Sauf que maintenant l'appartement de nos TARTANPION, il peut se vendre bien plus cher. Sur 25 ans pour la même mensualité (1037?) au taux de 4.25 sur 25 ans on a 184K? en prix de vente. Une hausse de 64KE ou de 53% directement lié aux phénomènes précédemment expliqués sans que M et MME TARTANPION y soit pour quelque chose.

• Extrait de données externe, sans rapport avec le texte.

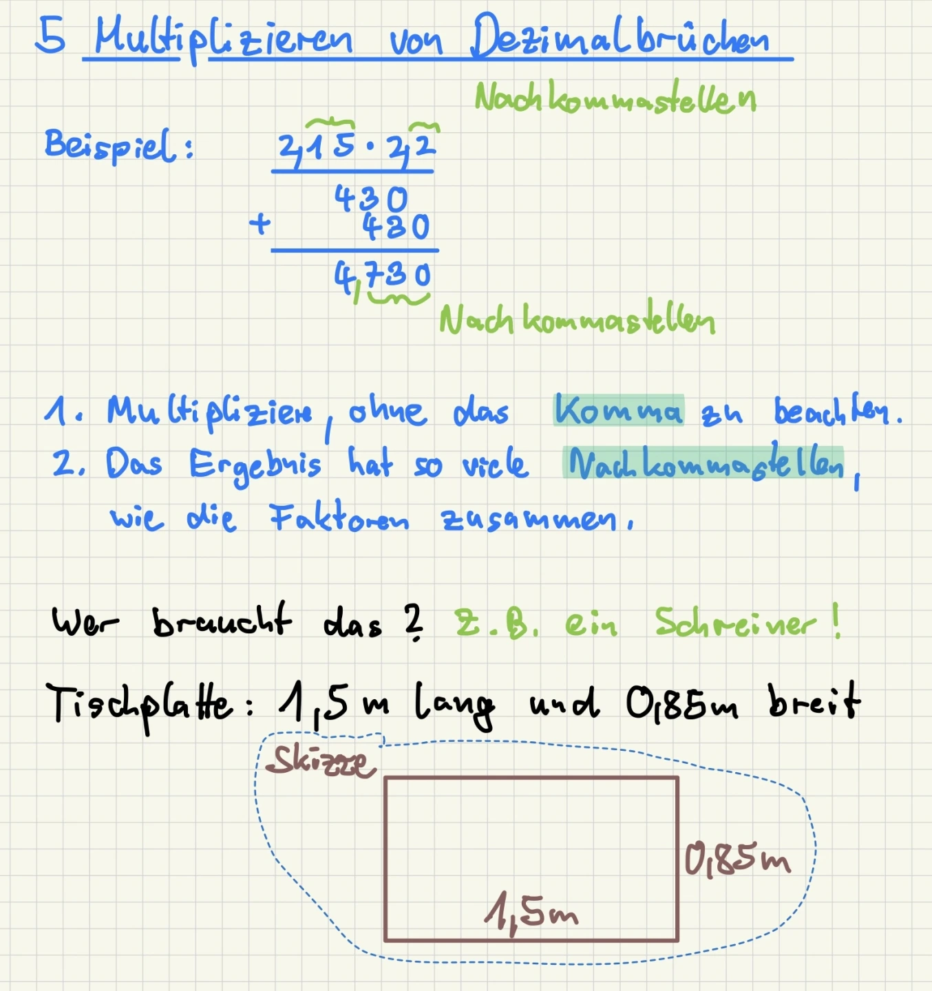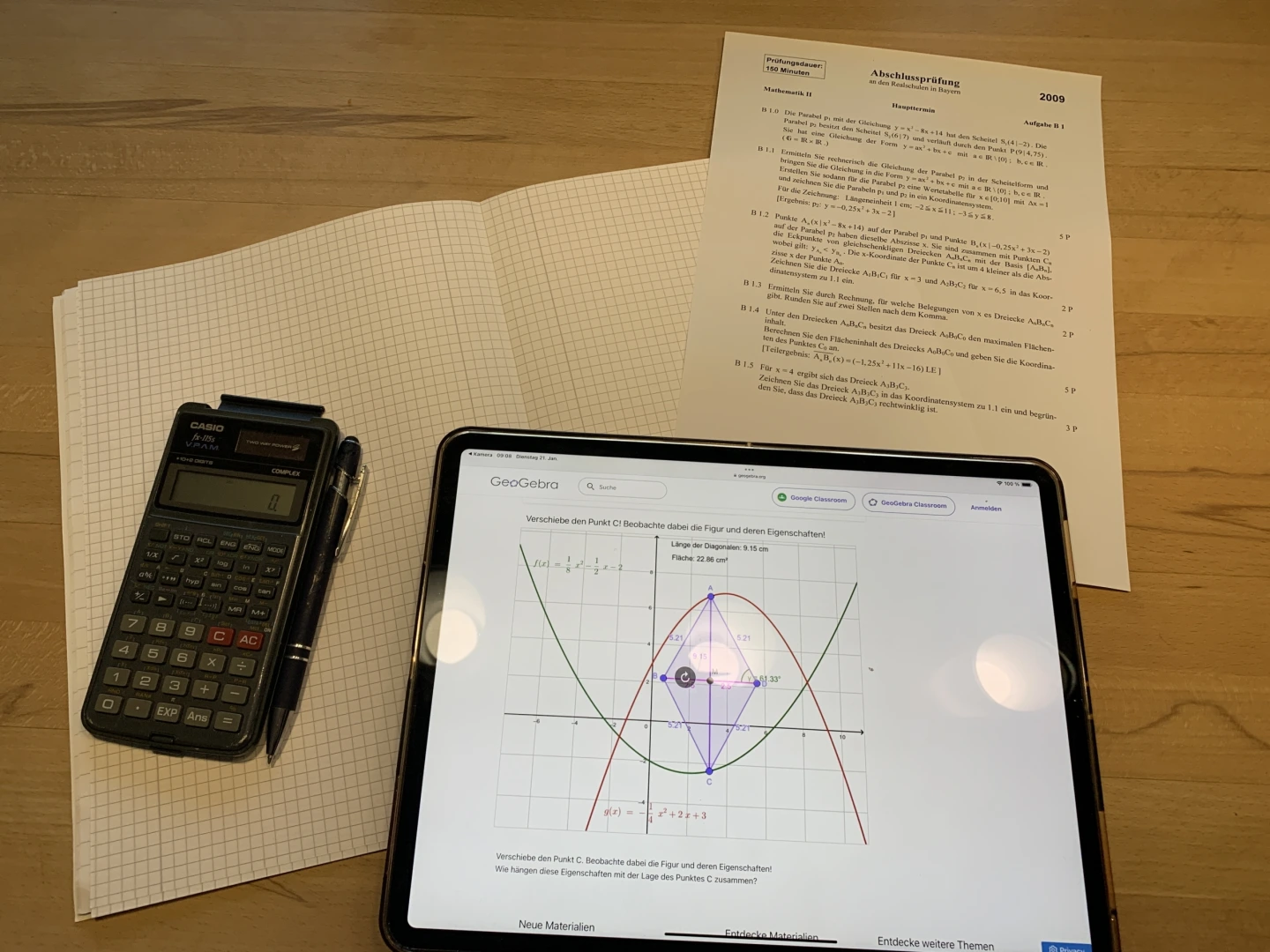 Im Mathematikunterricht gibt es Situationen, wo eine analoge Heftführung weiterhin ihre Vorteile hat. Beispielsweise das haptische und genaue Arbeiten mit Zirkel und Lineal auf Papier ist eine grundlegende Fertigkeit, die es immer weiter zu entwickeln gilt.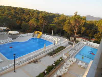 Byli jsme ubytování ve třetím patře, s výhledem na bazén a okolní piniové háje (hotel je poslední budova , dál nic). Což se nejdřív jevilo jako výhoda, ovšem pokud vám nevadí, že hned pod oknem vám ve 21 hod. začne večerní program - caraoke, disco, hádání filmových písní.. končící před půlnocí. I přes zavřená okna to máte, jako byste tam seděli, s malýma dětma, které se potřebují vyspat, nic moc. Totéž ráno - v 6:00 nastupuje četa na úklid bazénů, začnou šoupat lehátky a drhnout dlažby smetáky, tak hezky se to rozléhá... :-) Ale dovolenou nám to nezkazilo, po pár dnech jsme si zvykli. JInak pokoj prostorný, čistý, přistýlka v podobě rozkládacího gauče celkem pohodlná. Úklid pravidelný, výměna ručníků asi každý druhý den. Celkově jsme byli spokojení.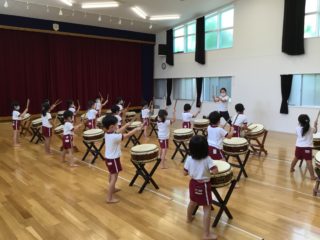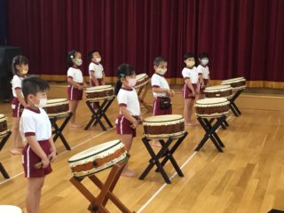 バチの持ち方や構えのポーズ、かっこいい立ち方など覚えることがたくさんあり難しそうにしている一面も見られましたが、先生の動きをよく見ながらまねをしようと一生懸命な子どもたちは、あっという間に基礎が身につき、練習を重ねるごとに上手に叩けるようになってきました。少し難しいリズムやかっこいい振り付けにも挑戦しながら着々と上達してきています。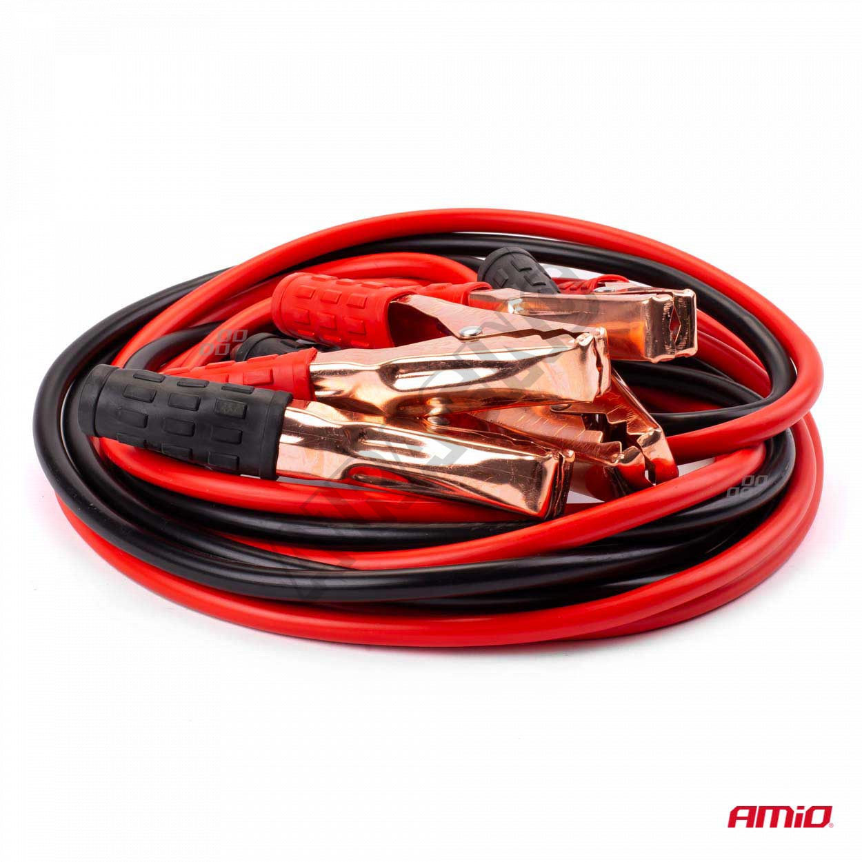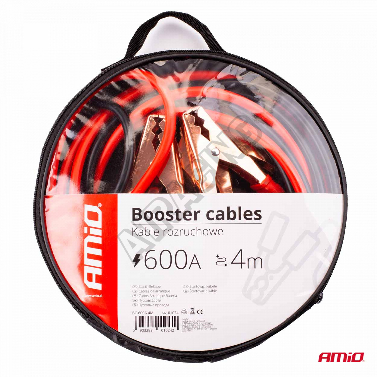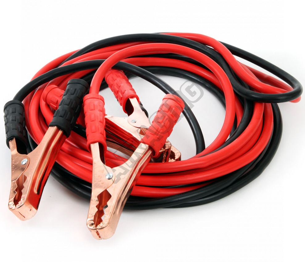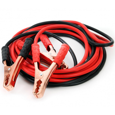 Měděné, barevně označené startovací kabely se svorkami na akumulátor. Max. proud 600 ampér, délka 4 metry .

On peut transposer l'aventure des TARTANPION au 3, 4 pièces, maison de ville, maison avec jardin etc.... = Hausse généralisée.

en transposant ce phénomène à toute la france, on comprend rapidement comment s'est faite la hausse des prix dans le respect des capacités d'endettement et sans excès, ni bulles immobilières. Simplement par le fait que les acheteurs ont signés pour les prix affichés par les vendeurs car l'industrie bancaire a suivi le souhait d'acquérir des acheteurs. Ceux ci étant les clients des banques.
Moi client vouloir cela = moi commerçant te proposer cela = Moi client d'accord pour acheter.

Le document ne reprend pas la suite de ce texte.